Episensr 0.9.2 now available on CRAN

Bug fixes were brought to episensr R package, regarding the use of distributions and computations of odds and risk ratios in probsens.conf function for the probabilistic sensitivity analysis for unmeasured confounder. Improvement on the use of distributions was also brought to other probsens series of functions. Let’s run the example from Modern Epidemiology by Rothman, Greenland & Lash, on page 365-366.

This example is taken from a paper by Greenland et al. (1994), looking at the association between occupational resins exposure and lung cancer mortality, where smoking is an unmeasured potential confounder. The 2-by-2 table is the following:

Resins exposed Resins unexposed
Cases 45 94
Controls 257 945

After adjustment for age and year at death, Greenland et al. found an OR of 1.77 (95% CI from 1.18 to 2.64). Is smoking, for which they had no data about, had an effect on this association? How large the association between resins and smoking had to be to remove the association between resins and lung cancer association after adjustment for smoking? For this, you have to know 3 bias parameters: the association between smoking and lung cancer, the prevalence of smoking among those unexposed to resins, and the prevalence of smoking in those exposed to resins.

Prior probability distributions are given to each of these bias parameters. Prevalences of smoking in those exposed to resins, and of smoking in those unexposed to resins receive prior distributions that are uniform between 0.40 and 0.70. Prior distribution for the odds ratio associating smoking with lung cancer mortality is log-normal with 95% limits of 5 and 15. How to find the parameters of this distribution? Its mean is [ln(15) + ln(5)] / 2 = 2.159, and its standard deviation is [ln(15) - ln(5)] / 3.92 = 0.28, and it looks like this:

set.seed(123)
x <- rlnorm(10000, meanlog = 2.159, sdlog = 0.28)
quantile(x, c(0.025, 0.975))
##      2.5%     97.5% 
##  4.979672 14.959055
plot(density(x))
Log-normal distribution with meanlog = 2.159 and sdlog = 0.28.

Figure 1: Log-normal distribution with meanlog = 2.159 and sdlog = 0.28.

Now, let’s run episensr.conf with 50,000 iterations:

library(episensr)

set.seed(123)
res <- probsens.conf(matrix(c(45, 94, 257, 945),
                            dimnames = list(c("Cases+", "Cases-"),
                                            c("Res+", "Res-")),
                            nrow = 2, byrow = TRUE),
                     reps = 50000,
                     prev.exp = list("uniform", c(.4, .7)),
                     prev.nexp = list("uniform", c(.4, .7)),
                     risk = list("log-normal", c(2.159, .28)))
res
## --Observed data-- 
##          Outcome: Cases+ 
##        Comparing: Res+ vs.
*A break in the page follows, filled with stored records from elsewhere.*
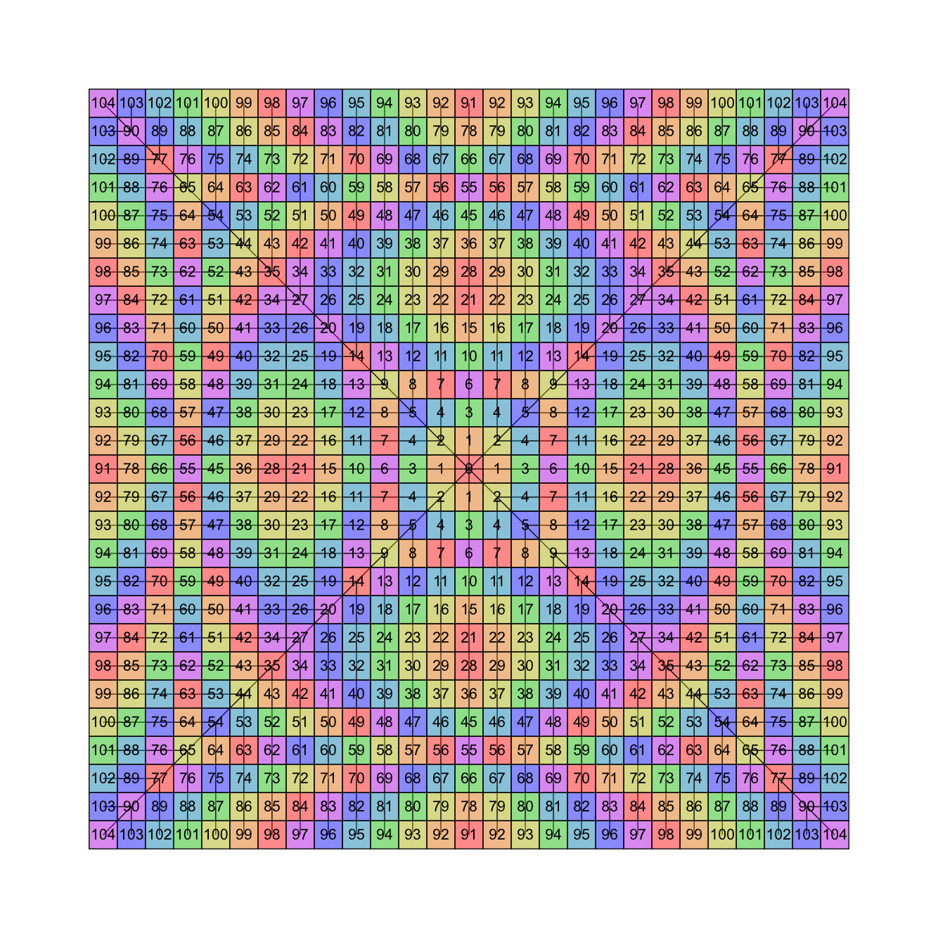 Есть манхэттенское расстояние и есть расстояние Чебышева. Если обходить равноудалённые точки по Чебышеву в порядке возрастания расстояния городских кварталов, получается пикрелейтед. Вопрос знатокам: есть ли у этого бастарда название и какая-то литература по теме?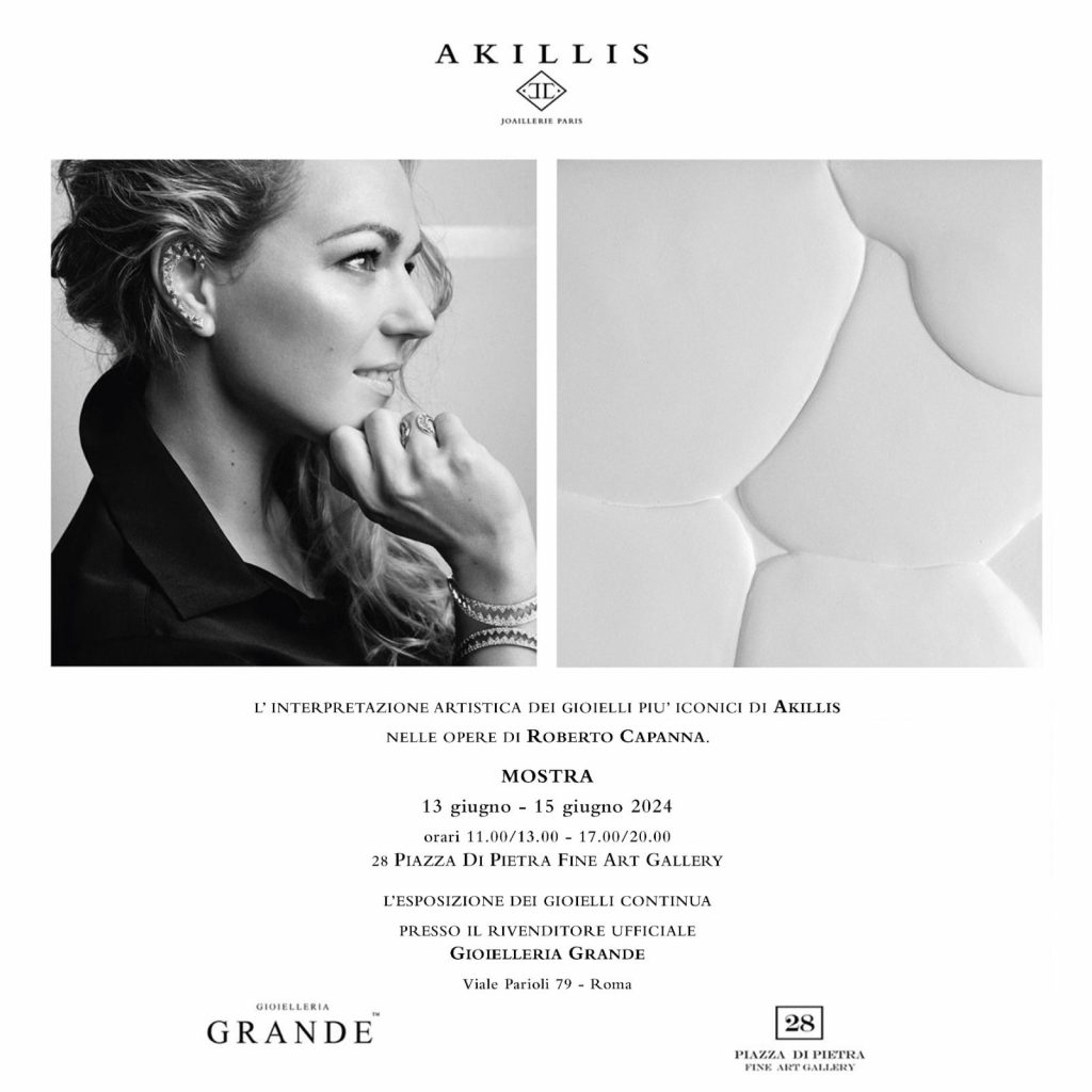 Un evento-mostra in cui saranno esposte 20 opere inedite di Roberto Capanna, artista e produttore musicale (Cigarette Music) insieme alle collezioni più iconiche di Akillis Paris, marchio di alta gioielleria francese che fa il suo debutto in Italia.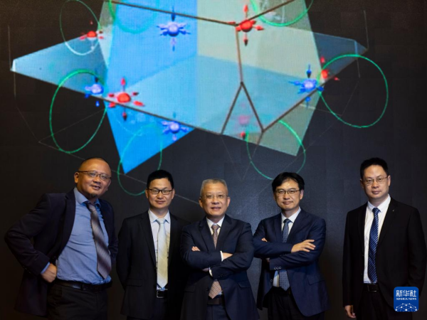 6月22日,在位于北京的午夜av 物理研究所,方忠(中)和团队成员王志俊(左一)、翁红明(左二)、戴希(右二)、余睿(右一)合影。新华社记者 金立旺 摄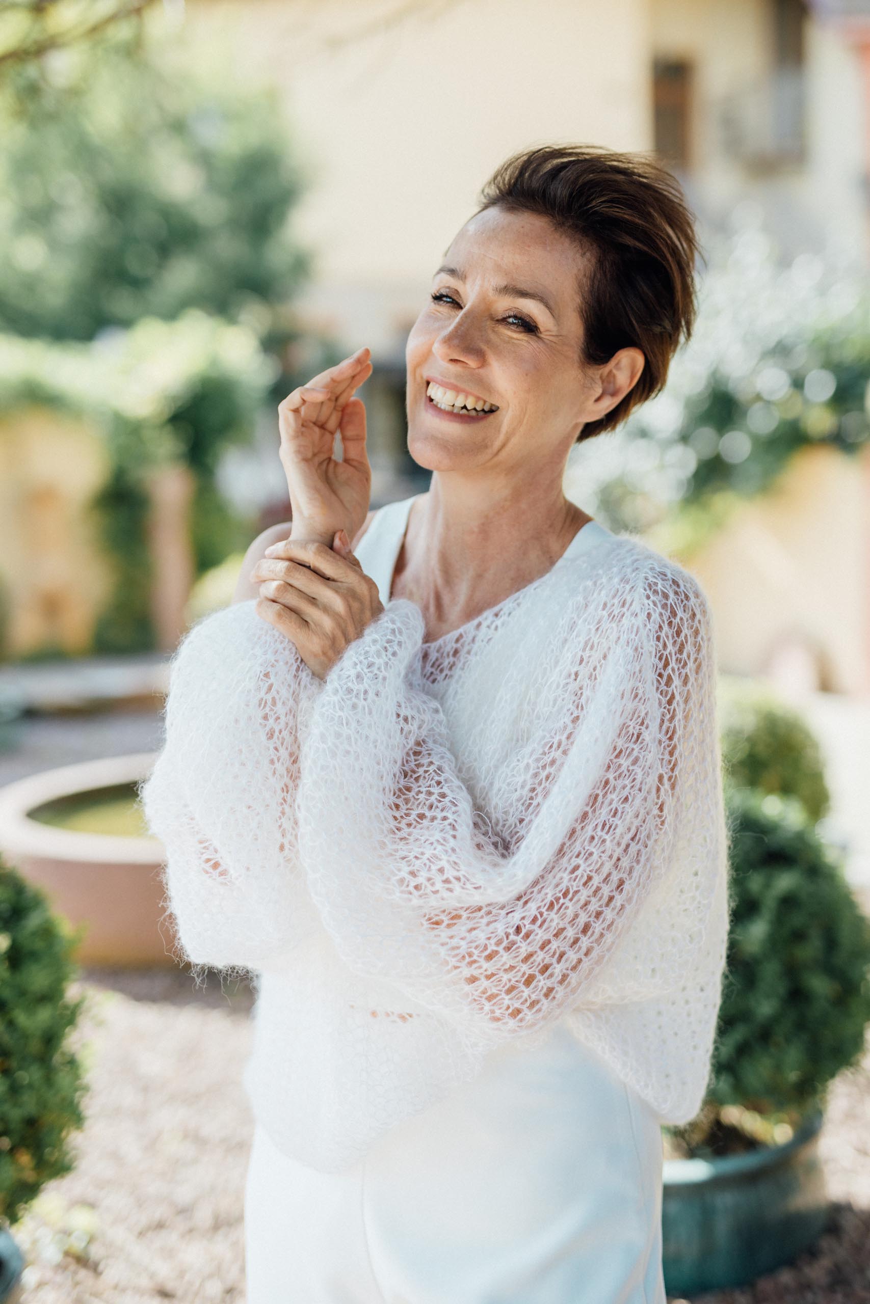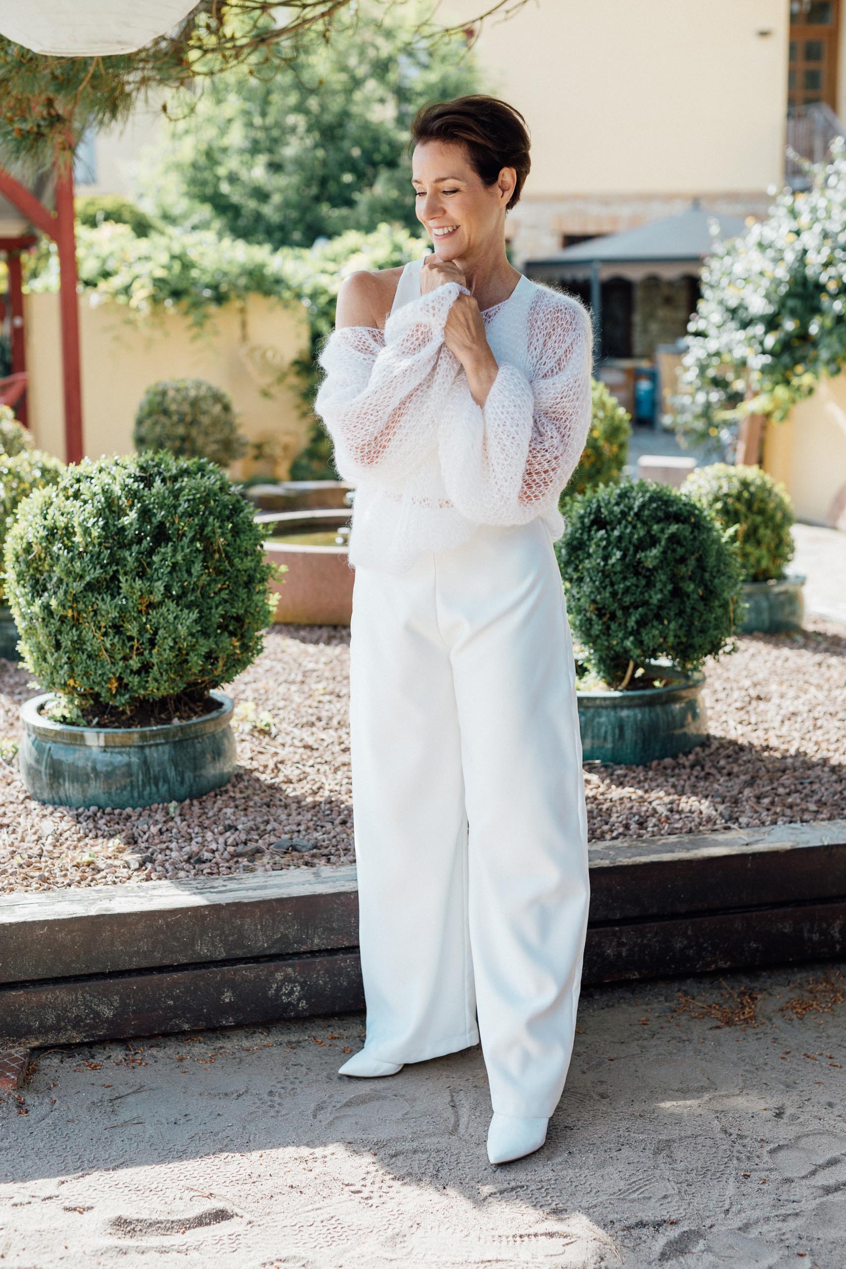 Falls du von dem matt schimmernden Satin der Hose nicht genug bekommen kannst, ist die kurze Corsage KUESSdieZOE dein Brautoberteil-Buddy! Über die schlichte Corsage mit rundem Ausschnitt und schmalen Trägern könntest du auch den stylischen Oversize Brautpulli kombinieren. Er passt zu jeder Corsage und wir sind uns sicher, dass du den kuscheligen Pullover auch nach deiner Hochzeit abfeiern und tragen wirst. Beim Fotoshoot haben wir das besondere Grobstrick Lieblingsstück über das Stretch Brauttop T-1093 gezogen. Das sportive Oberteil ist genau wie die high waist Hochzeitshose toll zu tragen und sorgt durch den femininen Ringerrücken für eine schöne Rückansicht.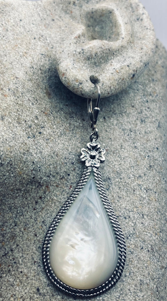 Vintage Mother of Pearl 925 Sterling Silver Dangle Earrings

Res- 
## 
##        Res+ Res-
## Cases+   45   94
## Cases-  257  945
## 
##                                      2.5%    97.5%
## Observed Relative Risk: 1.646999 1.182429 2.294094
##    Observed Odds Ratio: 1.760286 1.202457 2.576898
## ---
##                                            Median 2.5th percentile
##            RR (SMR) -- systematic error: 1.591116         1.197359
## RR (SMR) -- systematic and random error: 1.586537         1.025504
##            OR (SMR) -- systematic error: 1.761771         1.246469
## OR (SMR) -- systematic and random error: 1.758665         1.050075
##                                          97.5th percentile
##            RR (SMR) -- systematic error:          2.098129
## RR (SMR) -- systematic and random error:          2.459242
##            OR (SMR) -- systematic error:          2.485622
## OR (SMR) -- systematic and random error:          2.956335

The median adjusted OR is 1.76 [1.25,2.49]. The ratio of the two 95% CI bounds is 2.49/1.25 = 1.99. The ratio from the conventional 95% confidence limits was 2.64/1.18 = 2.24. These 2 ratios are pretty, and therefore our uncertainty about confounding is similar to our uncertainty about random error.

You can even plot the bias-adjusted OR including both systematic and random error:

library(ggplot2)
ggplot(res$sim.df, aes(x = tot.ORadj.smr)) +
    geom_histogram(binwidth = .1, colour = "blue", fill = "white") +
    xlab("OR adjusted for confounding and random error")
Distribution of the 50,000 confounder-adjusted odds ratios.

Figure 2: Distribution of the 50,000 confounder-adjusted odds ratios.